* _Task input_:
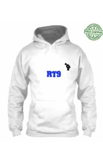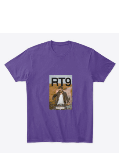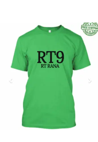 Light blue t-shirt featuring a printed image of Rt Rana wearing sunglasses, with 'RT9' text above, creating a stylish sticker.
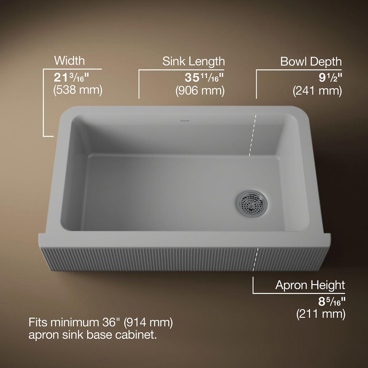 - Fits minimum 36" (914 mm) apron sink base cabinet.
---
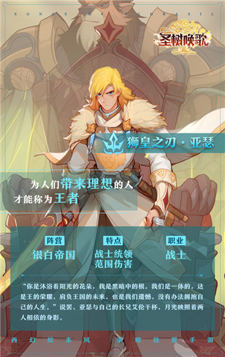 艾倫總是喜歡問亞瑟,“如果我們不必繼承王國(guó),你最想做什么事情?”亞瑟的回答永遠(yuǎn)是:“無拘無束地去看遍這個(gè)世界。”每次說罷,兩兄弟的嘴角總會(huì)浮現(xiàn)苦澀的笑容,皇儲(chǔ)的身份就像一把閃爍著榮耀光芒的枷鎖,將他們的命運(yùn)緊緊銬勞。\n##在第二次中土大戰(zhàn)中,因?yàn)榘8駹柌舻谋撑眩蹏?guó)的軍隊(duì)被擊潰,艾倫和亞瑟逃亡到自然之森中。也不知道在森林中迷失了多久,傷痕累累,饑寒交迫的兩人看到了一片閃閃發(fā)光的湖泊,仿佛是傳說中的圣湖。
* * *
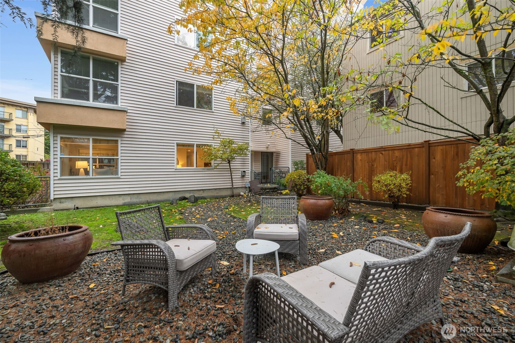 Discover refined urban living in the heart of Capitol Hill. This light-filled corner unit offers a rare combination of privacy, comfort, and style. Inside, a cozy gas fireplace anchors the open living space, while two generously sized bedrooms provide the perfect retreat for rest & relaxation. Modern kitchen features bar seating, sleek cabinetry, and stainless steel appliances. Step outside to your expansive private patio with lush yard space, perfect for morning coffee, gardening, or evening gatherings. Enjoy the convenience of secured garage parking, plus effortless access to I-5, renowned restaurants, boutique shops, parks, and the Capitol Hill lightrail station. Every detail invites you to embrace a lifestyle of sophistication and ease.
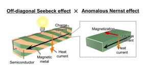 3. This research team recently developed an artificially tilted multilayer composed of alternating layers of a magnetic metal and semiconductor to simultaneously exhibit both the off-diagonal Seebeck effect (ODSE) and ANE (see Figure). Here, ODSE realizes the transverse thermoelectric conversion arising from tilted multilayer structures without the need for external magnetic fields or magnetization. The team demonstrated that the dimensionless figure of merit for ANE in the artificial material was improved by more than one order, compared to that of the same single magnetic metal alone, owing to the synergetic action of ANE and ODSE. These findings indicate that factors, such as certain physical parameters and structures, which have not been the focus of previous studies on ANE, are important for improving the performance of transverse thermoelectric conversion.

* _Exercise aim_: Within the material above, only the stretch from the line holding "Light blue t-shirt" through the line holding "- Fits minimum" is to be restated exactly. Pictures are dropped.

* _Completed task_:
 Light blue t-shirt featuring a printed image of Rt Rana wearing sunglasses, with 'RT9' text above, creating a stylish sticker.
 - Fits minimum 36" (914 mm) apron sink base cabinet.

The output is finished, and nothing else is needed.